Sox17 haploinsufficiency results in perinatal biliary atresia and hepatitis in C57BL/6 background mice

Abstract

Congenital biliary atresia is an incurable disease of newborn infants, of unknown genetic causes, that results in congenital deformation of the gallbladder and biliary duct system. Here, we show that during mouse organogenesis, insufficient SOX17 expression in the gallbladder and bile duct epithelia results in congenital biliary atresia and subsequent acute 'embryonic hepatitis', leading to perinatal death in ~95% of the Sox17 heterozygote neonates in C57BL/6 (B6) background mice. During gallbladder and bile duct development, Sox17 was expressed at the distal edge of the gallbladder primordium. In the Sox17(+/-) B6 embryos, gallbladder epithelia were hypoplastic, and some were detached from the luminal wall, leading to bile duct stenosis or atresia. The shredding of the gallbladder epithelia is probably caused by cell-autonomous defects in proliferation and maintenance of the Sox17(+/-) gallbladder/bile duct epithelia.
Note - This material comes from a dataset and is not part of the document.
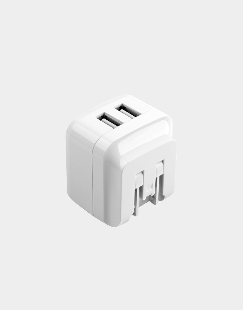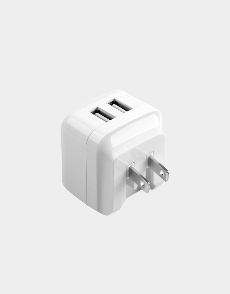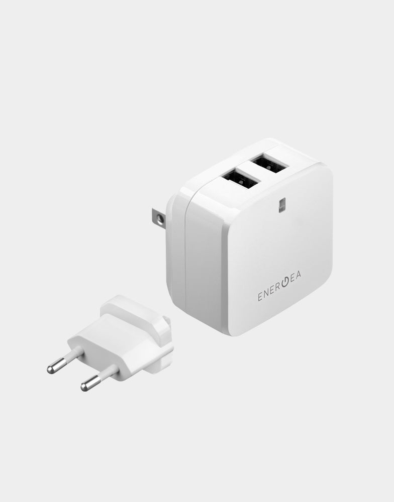 A compact 2-USB wall charger with compatibility in the US/EU or US/UK region (EU/UK plugs are separate snap-ons). Equipped with AMPSMART Technology that auto detects power needs of devices.
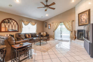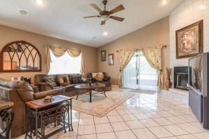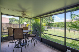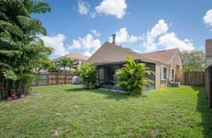 Don't miss this great home in the popular and sought after ''Trends of Boca''. 3 bedrms, 2 baths, split bedrm floor plan with a full 2 car garage. Large open floor plan. This home boosts a working fireplace, updated and exceptionally large eat in kitchen. Remodeled guest bathroom. Many updates: roof 10 yrs., a/c 7 yrs., water heater 3 yrs, w/d 5 yrs, kitchen 8 yr. All rooms are wired and have stereo speakers in the ceiling. Screened patio was enlarged to 9x18 and built in 1995. The home has accordion shutters on ALL openings and has a hurricane rated garage door. The front window is an impact window. Laundry is under a/c. Lots of closet and storage space. Lg attic entrance in garage with pull down stairs. Separate tool shed in large, completely fenced in backyard.

Our results suggest that Sox17 plays a dosage-dependent function in the morphogenesis and maturation of gallbladder and bile duct epithelia during the late-organogenic stages, highlighting a novel entry point to the understanding of the etiology and pathogenesis of human congenital biliary atresia.

Fig. 1.

Defective development of the liver and gallbladder/bile duct in Sox17 heterozygote embryos in B6 background mice. (A,B) Gross-anatomical (upper panels in A) and histological [PAS staining (middle) and HE staining (lower panels in A)] images showing peripheral degeneration (asterisks and insets in A) of the liver lobules in Sox17^+/− embryos at 17.5 dpc. In B, the line graph indicates significant reduction of liver weight in Sox17^+/− embryos at 16.5 and 17.5 dpc compared with wild-type littermates (**P<0.01). Numbers in parentheses indicate the total number of the embryos used in each group. Error bars represent s.e.m. (C) Whole-mount DBA staining shows hypoplastic gallbladder (gb, insets) and ectopic formation of extrahepatic ducts (white arrowheads) in Sox17^+/− embryos during 13.5 to 17.5 dpc. cb, common bile duct; cd, cystic duct; du, duodenum; gb, gallbladder; hd, extrahepatic duct. Scale bar: 50 μm.

Fig. 2.

Hepatic inflammation with elevated bile acid levels and endoplasmic reticulum stress of hepatocytes in fetal Sox17^+/− B6 livers. (A) Real-time RT-PCR analysis showing elevated expression levels of several inflammatory cytokine markers in Sox17^+/− B6 livers at 17.0 dpc. The vertical axis represents fold changes in the expression level of each liver sample relative to those of wild-type livers (the mean value was set as 1). Filled (severe) and unfilled (mild) circles indicate Sox17^+/− liver samples with and without any gross-anatomical lesions, respectively. The bars show mean values of all (severe and mild) samples, whereas asterisks on the bar indicate significant differences compared with wild-type livers (*P<0.05, **P<0.01). (B) Biochemical data showing significantly elevated levels of serum ALT, serum ALP and intrahepatic bile acids in Sox17^+/− livers compared with wild-type livers. Error bars represent s.e.m. (C) PAS (red) and anti-GRP78 immunostaining (brown) of two consecutive sections, showing GRP78-positive signals in the hepatocytes around the degenerating peripheral region of Sox17^+/− liver lobules (arrows). Asterisks indicate the PAS-negative region including the damaged hepatocytes. (D) Electron microscopic images showing enlargement of rough ER (arrows) in Sox17^+/− hepatocytes. Each dashed rectangle indicates the area highly magnified in the adjacent panel. bi, bile canaliculus; bv, blood vessel; hc, hepatocyte, rb, red blood (hematopoietic) cells. Scale bars: 50 μm in upper panels in C; 5 μm in lower right inset of C and in D.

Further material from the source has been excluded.